Вместо ответа Смут приподнял повязку, показав уродливый шрам над пустой глазницей:
– Вот что с нами там творят. И еще это. – Он трижды грохнул палкой об пол. Люди за соседними столиками обернулись. – Тридцать пять лет хожу на трех ногах. Сволочная Ирландия.
Я глубоко вздохнул. Мне не хотелось слушать желчные излияния, я сверлил его взглядом, надеясь, что он поймет намек и уйдет. Но Бастиан внимательно разглядывал Смута.
– Кто это сделал, дружище? – тихо спросил он.

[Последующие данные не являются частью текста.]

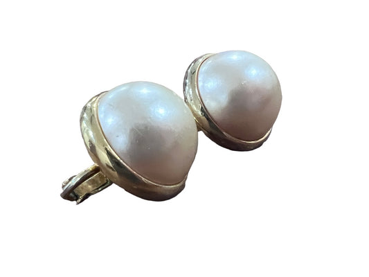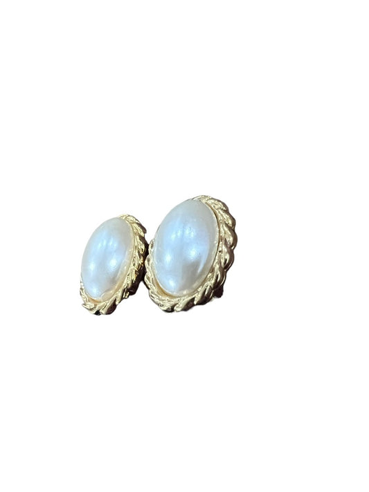 Oval Faux Pearl Cabochon Gold Tone Scalloped Clip On Earrings
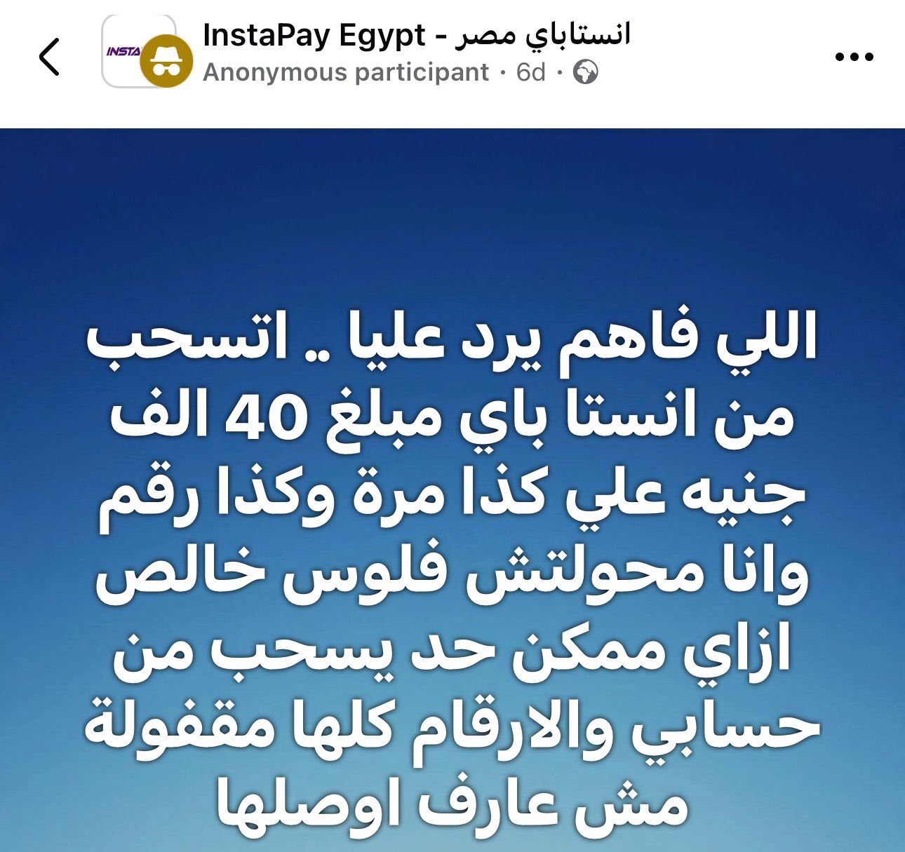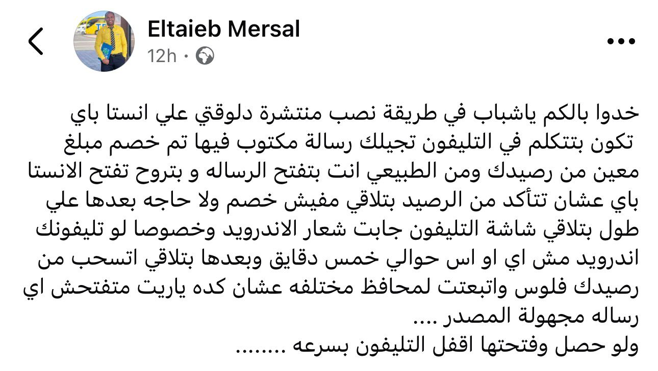 وقال أحد رواد مواقع التواصل الاجتماعي: خدوا بالكم ياشباب في طريقة نصب منتشرة دلوقتي علي انستا باي تكون بتتكلم في التليفون تجيلك رسالة مكتوب فيها تم خصم مبلغ معين من رصيدك ومن الطبيعي انت بتفتح الرساله و بتروح تفتح الانستا باي عشان تتأكد من الرصيد بتلاقي مفيش خصم ولا حاجه بعدها علي طول بتلاقي شاشة التليفون جابت شعار الاندرويد وخصوصا لو تليفونك اندرويد مش اي او اس حوالي خمس دقايق وبعدها بتلاقي اتسحب من رصيدك فلوس واتبعتت لمحافظ مختلفه عشان كده ياريت متفتحش اي رساله مجهولة المصدر .. ولو حصل وفتحتها اقفل التليفون بسرعة

– Один старый боров из Баллинколлига. – Лицо Смута омрачилось воспоминанием. – Он озверел, узнав, что сын его живет со мной. Приехал в Дублин, караулил у дома, потом ворвался в нашу квартиру и вышиб парню мозги, а следом взялся за меня. Я бы истек кровью, не окажись там один человек.
Бастиан покачал головой.
– И что с ним стало? – спросил он гадливо. – Его посадили?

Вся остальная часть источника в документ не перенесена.